GIVEN RECORDS:

-=-=-

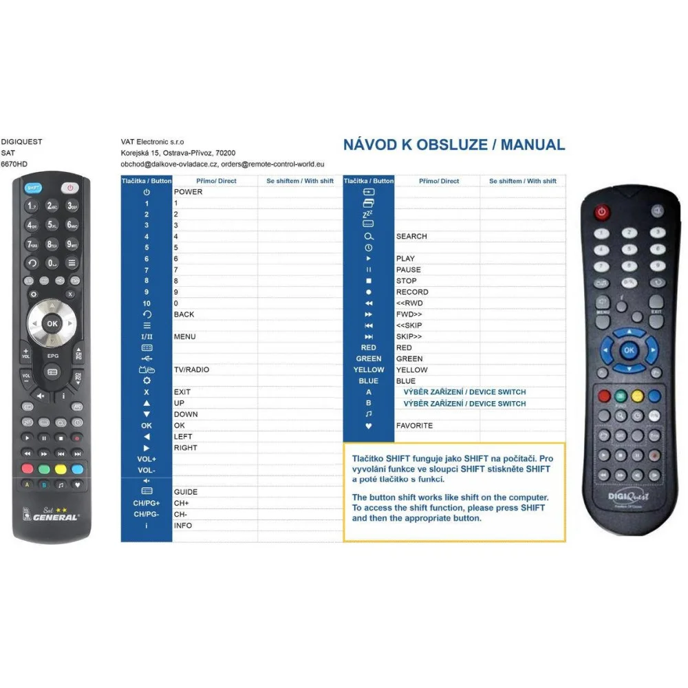 Dálkový ovladač DIGITALBOX HD5 Light duplikát 1:1 originálního dálkového ovladače. Dálkový...
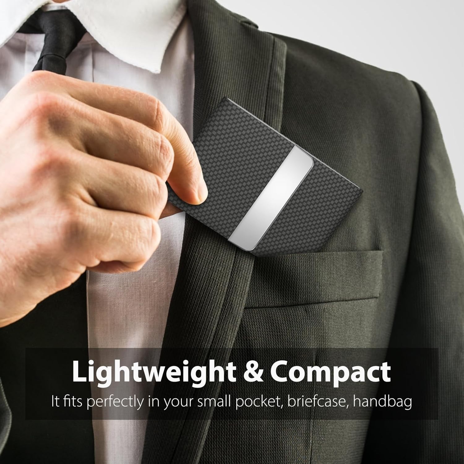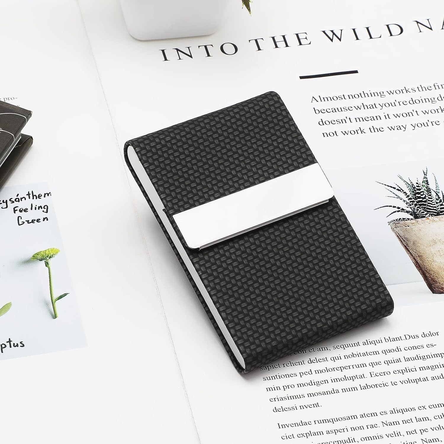 Leather Business Card Holder Slim Metal Pocket Wallet with Magnetic Closure
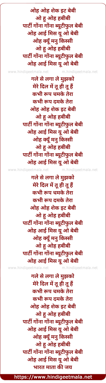 Lyrics of Ooh Ooh Shake It Baby - ओह ओह शेक इट बेबी
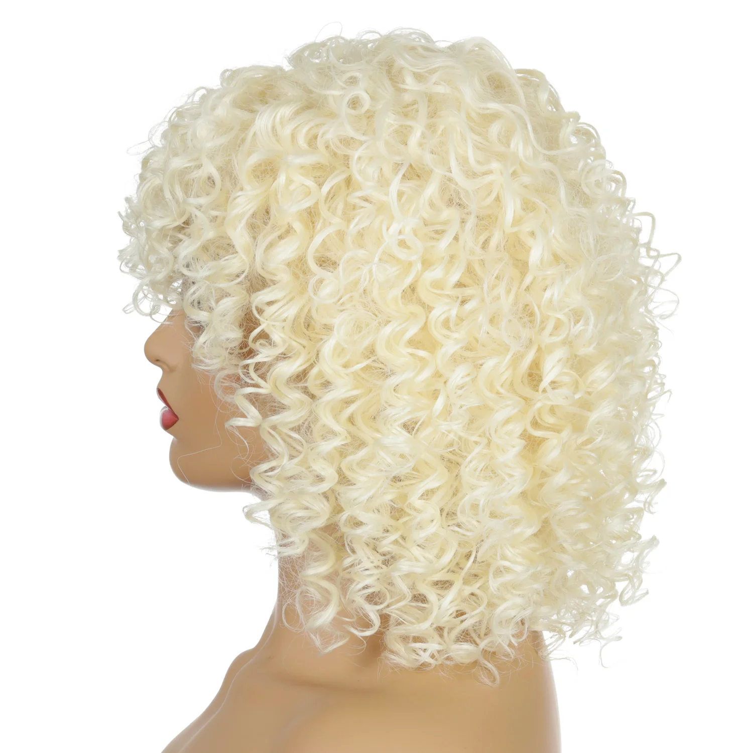 Парики синтетические короткие для чернокожих женщин, кудрявые афро кудрявые, с челкой, из высокотемпературного волокна, блонд-коричневый, 3 цвета
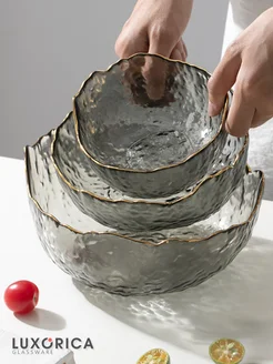 Тарелка десертная c бортиками и золотой каймой 1 шт

-=-=-

YOUR ASSIGNMENT: Give back, unaltered, each line of the listing from the first to the line that contains "Lyrics of Ooh", leaving every picture out.

SOLUTION FOR THIS PROBLEM:
 Dálkový ovladač DIGITALBOX HD5 Light duplikát 1:1 originálního dálkového ovladače. Dálkový...
 Leather Business Card Holder Slim Metal Pocket Wallet with Magnetic Closure
 Lyrics of Ooh Ooh Shake It Baby - ओह ओह शेक इट बेबी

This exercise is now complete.